2017-03-07 11:01:27,881 - cwlogs.push.publisher - INFO - 31861 - Thread-7 - Log group: /aws/elasticbeanstalk/production/var/log/nginx/access.log, log stream: i-0bd24767864801e2c, queue size: 0, Publish batch: {'skipped_events_count': 0, 'first_event': {'timestamp': 1488884481933, 'start_position': 454L, 'end_position': 568L}, 'fallback_events_count': 0, 'last_event': {'timestamp': 1488884482934, 'start_position': 568L, 'end_position': 681L}, 'source_id': '92257964a10edeb586f084f4f2ba35de', 'num_of_events': 2, 'batch_size_in_bytes': 277}
When Andrew (#andrew-ferk) and myself activated log streaming, it created all the log groups and streams in CloudWatch with the current log. After we deployed again, we noticed the logs stopped. This is because aws hashes the first line of the log. If it has seen that hash before it will treat that file like it's already been processed
If you are using npm start the first lines will be your application's name with version.
You can add a CMD date && npm start to your dockerfile to trigger a different first line each time or run npm in silent mode (as long as your first output is unique).
Also according to their docs you should add some policy to your elastic-beanstalk before enabling the feature AWS-Docs
{
"Version": "2012-10-17",
"Statement": [
{
"Effect": "Allow",
"Action": [
"logs:CreateLogGroup",
"logs:CreateLogStream",
"logs:GetLogEvents",
"logs:PutLogEvents",
"logs:DescribeLogGroups",
"logs:DescribeLogStreams",
"logs:PutRetentionPolicy"
],
"Resource": [
"*"
]
}
]
}
The following FAQs might be helpful:
CloudWatch Logs Agent FAQs
Why can’t I push log data to CloudWatch Logs with the awslogs agent?

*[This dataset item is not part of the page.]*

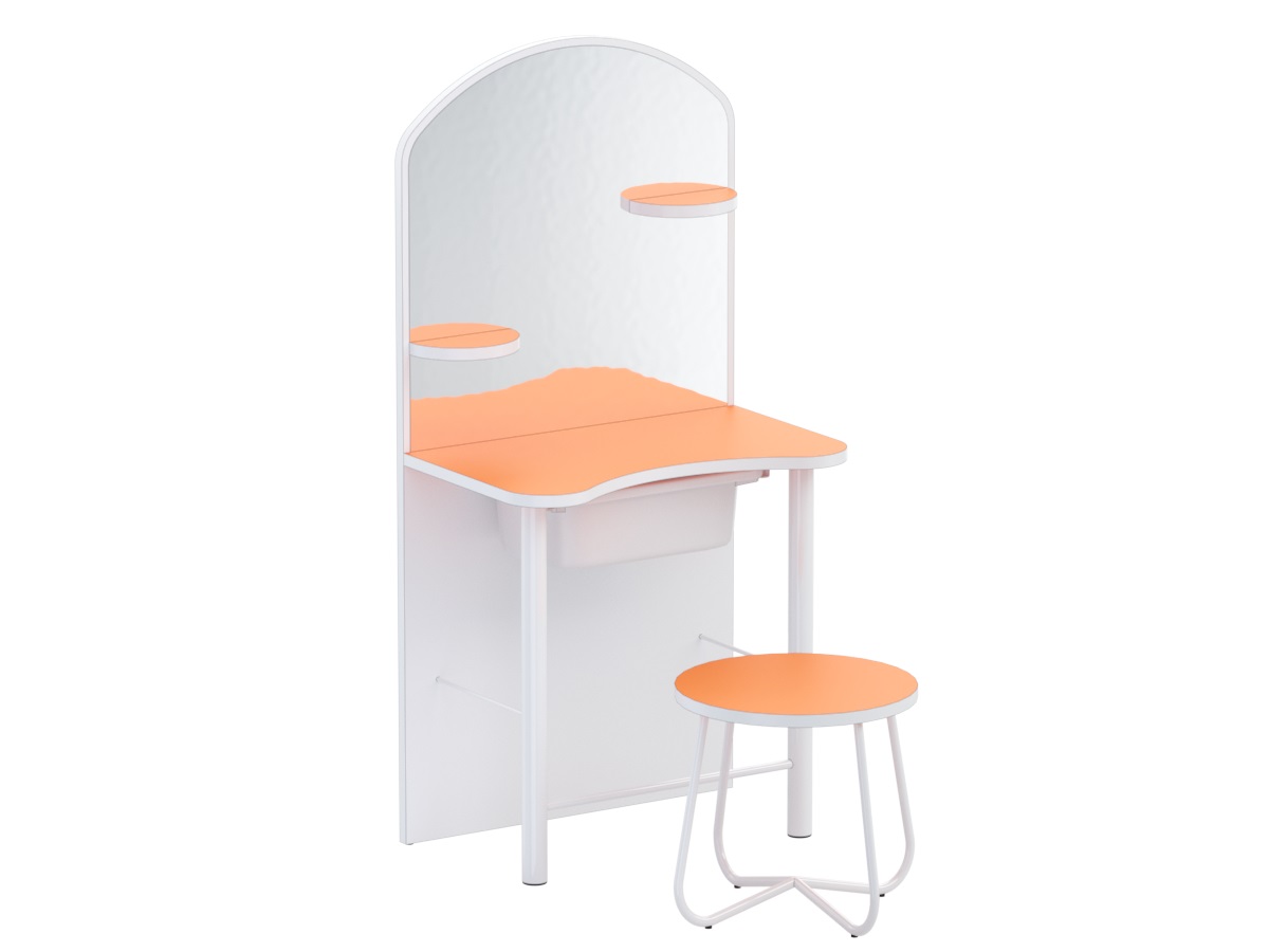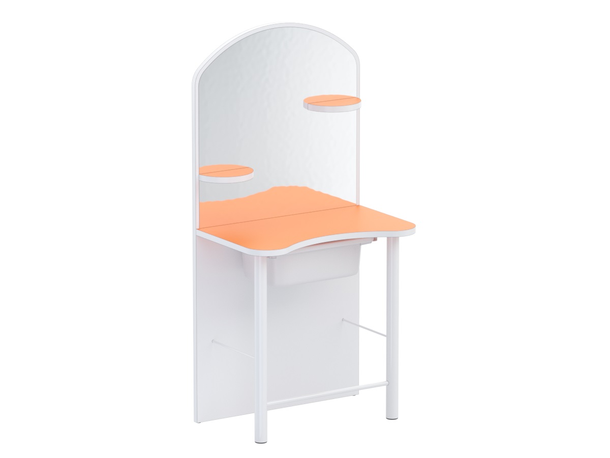Стол  Фея выполнен из ламинированной ДСП 16 мм, края обрамлены кромкой ПВХ 2 мм, все углы закруглены. Конструкцией стола игрового (Парикмахерская Фея) предусмотрена пленка зеркальная (имитация зеркала). Под столешницей стола предусмотрен выдвижной лоток.  Задняя стенка и металлические ножки имеют полимерные подпятники, предотвращающие повреждение напольных покрытий. Габаритный размер стола: 500х316х962(1022) мм.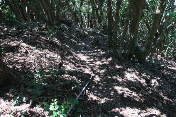 森の中の下り道は、傾斜は急ですが、まあまあはっきりしています。1カ所だけ、右か左か迷うところがありますが。

Some things to check if you are streaming custom log files:
eb ssh into the instance and look at /var/log/awslogs.log. If that doesn't even mention "Loading additional configs from (your awslogs config file)", make sure you are installing your config file correct as well as restarting the awslogs service after installing it (presumably using .ebextensions. See "Custom Log File Streaming" in Using Elastic Beanstalk with Amazon CloudWatch Logs. See the commands section in logs-streamtocloudwatch-linux.config for how to restart the awslogs service.
The CloudWatch Logs Agent is stateful. If the first few lines of your log file are blank or never change, you may need to set file_fingerprint_lines. See CloudWatch Logs Agent Reference.